The second and to me more meaningful validation, was validating myself with the tool. Did I understand what it did? And did I understand everything the tool produced. If not the results would be less than completely useful. One of the benefits of OS is you can go through the code and make sure you KNOW the tool's method and operation and thereby validate yourself and the results.
Just my two cents.

H. Carvey said...

Excellent input, Bill! Thanks!

Troy said...

For what it is worth, I break forensics into two broad categories: 1) content focused and 2) activity focused. They are not mutually exclusive. Often times cases will involve elements of both types of focus, or start as one type of focus and end as another. The point of the distinction, however, is in the methodologies typically employed. Content indexing, for example, is a common task for content focused cases, whereas registry and file system differencing, and time stamp analysis, are common for activity focused cases.

eDiscovery and CP case would be examples of content focused investigations, as in such cases the investigator focuses finding files of specific types of content.

Intrusion and malware cases are examples of activity focused cases, as there the focus is on determining what happened on a system or network.

In any event, the distinction is really only useful to me in developing training materials and in organizing forensics proceedures into some kind of logical taxonomy.

H. Carvey said...

Interesting distinctions, Troy...I'll have to think about those and try wrapping my head around them.

I think that the most important aspects of them, though, is that you've thought about and considered them, and they work for you. You're not sitting back waiting for someone to give you "best practices"...

Mark G said...

I don't usually comment, but... I like Troy's categories and I agree with your LEO friend. There really are two types, as well as some the cross those boundaries. I started out doing mostly content focused. Recently, I have been crossing the boundaries alot, with a few activity focused ones along the way. After 6+ years, I find LEO (in my experience) to be mostly Content based.

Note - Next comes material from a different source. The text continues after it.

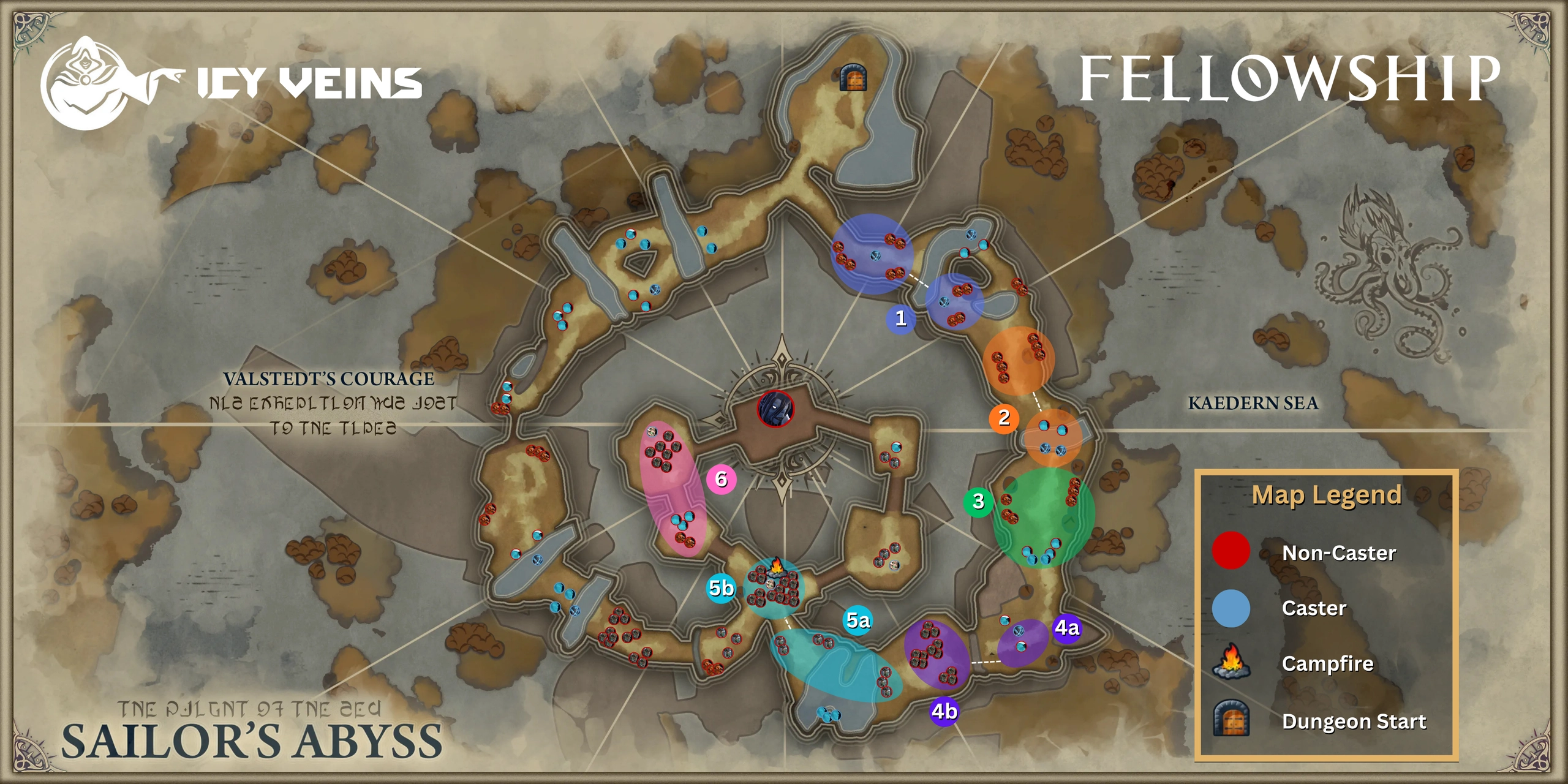 We will go over one of the possible routes in Sailor’s Abyss. When choosing a route to take, we must remember to avoid pulling more than three caster mobs with priority interrupts and avoid overcapping the Kill Score requirement. The route we have chosen optimizes the amount of casters to focus on in each pull and only goes over the Kill Score requirement by 1 point (approximately 0.76%).

For reference - I sent you a coin a couple years ago from SoCal..

H. Carvey said...

Mark G.,

I don't usually comment...

That's too bad, really. You clearly have some well thought-out comments.

I sent you a coin a couple years ago from SoCal..

Thanks! You're one of the few/only that's done anything like that, and I greatly appreciate it.

I don't see there being different categories, per se, when it comes to forensic analysis. IMHO, you need to keep to the core foundation concepts, and you can have a different focus or different procedures based on those foundations. I think that the issues the occur with categorizations is that there's a great deal of overlap and convergence in what analysts do, even when we think that what we do is different from the next guy. CP cases quickly become malware cases when the defense claims the "Trojan Defense", or an intrusion case (or both intrusion and malware) when the claim is made that someone accessed the system remotely.